Alguien podría pensar que esta película-documental estaba condenada a pasar desapercibida ante el gran público, aparentemente ansioso de thrillers de acción y suspense, y poco interesado en un film que rebosa paz y tranquilidad por los cuatro costados. Pero no ha sido así. En Alemania, “El Gran Silencio” ha sido un auténtico éxito de taquilla, que ha superado con creces a Harry Poter en la media de público por proyección. La que parecía que iba a ser la película de la década ha sido desbancada por una comunidad de monjes orantes. La contemplación ha ganado a la magia de Rowling.
Un largo proceso. Cuando Philip Gröning comenzó a idear la película corría el año 1984. Habló con la orden monástica sobre la posibilidad de grabar el film ese mismo año. ¿La respuesta? Era demasiado pronto: “Dentro de diez o quince años, quizá”. Está claro que el tiempo en un claustro no se mide igual que en una oficina. Finalmente, en 1999, el momento había llegado. El director recibió una llamada del monasterio del “Gran Charteuse” de Grenoble, en los alpes franceses, el referente de todas las cartujas del mundo. Los preparativos previos a la grabación le llevaron a Gröning dos años. El rodaje, seis meses. Él solo ha grabado, producido y montado la película. Para ello, no ha querido usar luz artificial, ni música de fondo añadida, ni ningún elemento decorativo que no estuviera ya en el monasterio. Sólo quería grabar la realidad, y por eso vivió medio año con los cartujos.
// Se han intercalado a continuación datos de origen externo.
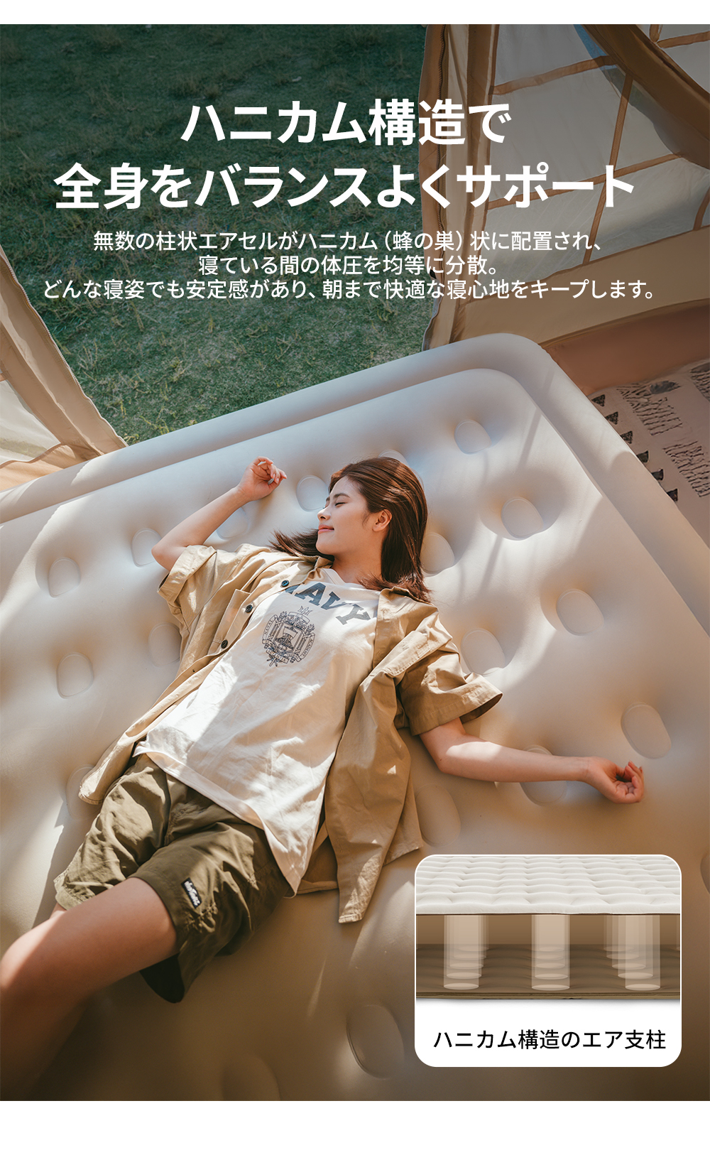 - 【人間工学設計 ×450kg 耐荷重】蜂の巣状エア柱構造により、体重を均等に分散し、腰や肩の圧迫を軽減。厚み 25cm のクッション性素材が体をしっかり包み込み、野外でもベッド同等の快適睡眠をサポート。1 人用 150kg/2 人用 300kg/3 人用 450kgの高荷重に対応し、家族や友人とのツーリングにも安定した支持力を発揮。収納時はコンパクトなサイズ(直径 25cm× 長さ 50cm)で、車のトランクやリュックにもスッと入れられます。
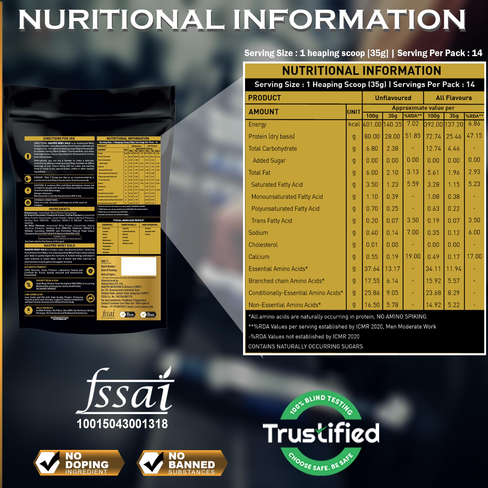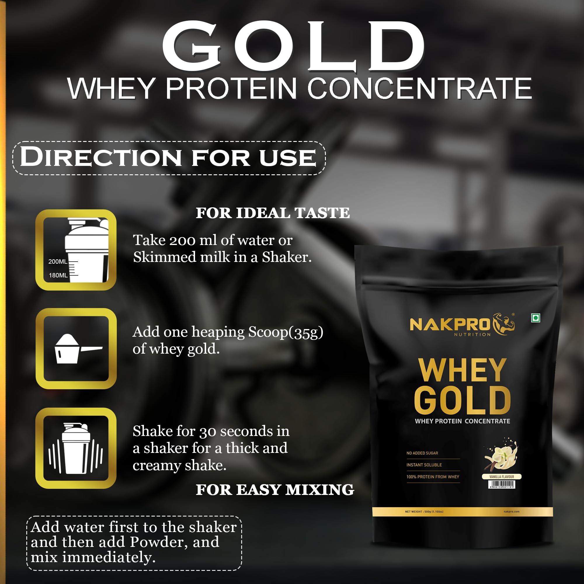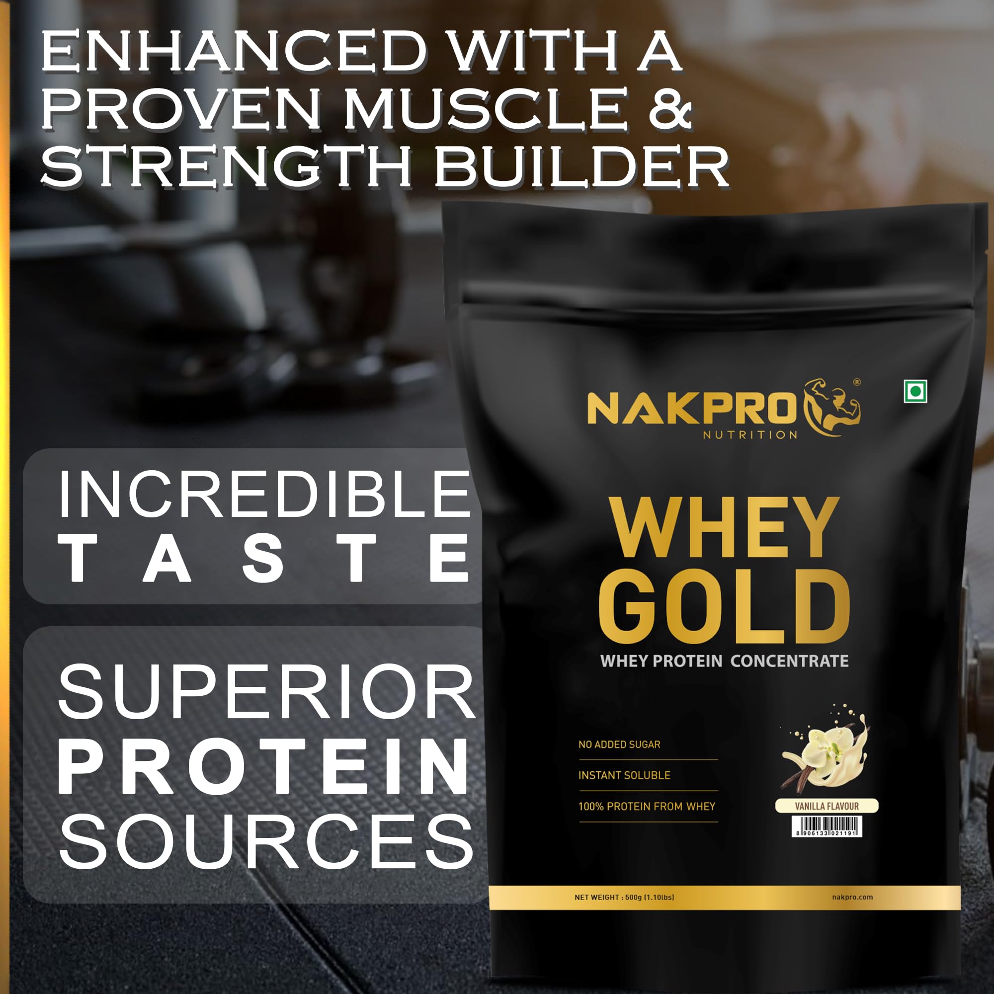 NAKPRO Gold Whey Protein Concentrate 5g Vanilla | 25.5g Protein, Trustified Certified Supplement Powder | Fast Absorbing Whey Protein Powder

En 2005, Gröning presentó la película en el Festival de Venecia, en la sección dedicada al lenguaje experimental (Horizontes). Y después vino el éxito. Primero, en su tierra natal, Alemania. Ahora, en Italia, donde crítica y público también han acogido “El Gran Silencio” favorablemente. Será porque la vida de una de las órdenes monásticas más austeras y desconocidas del mundo ha salido a la luz a través de una película donde el factor tiempo es sólo una circunstancia secundaria y el silencio se convierte en una actitud vital.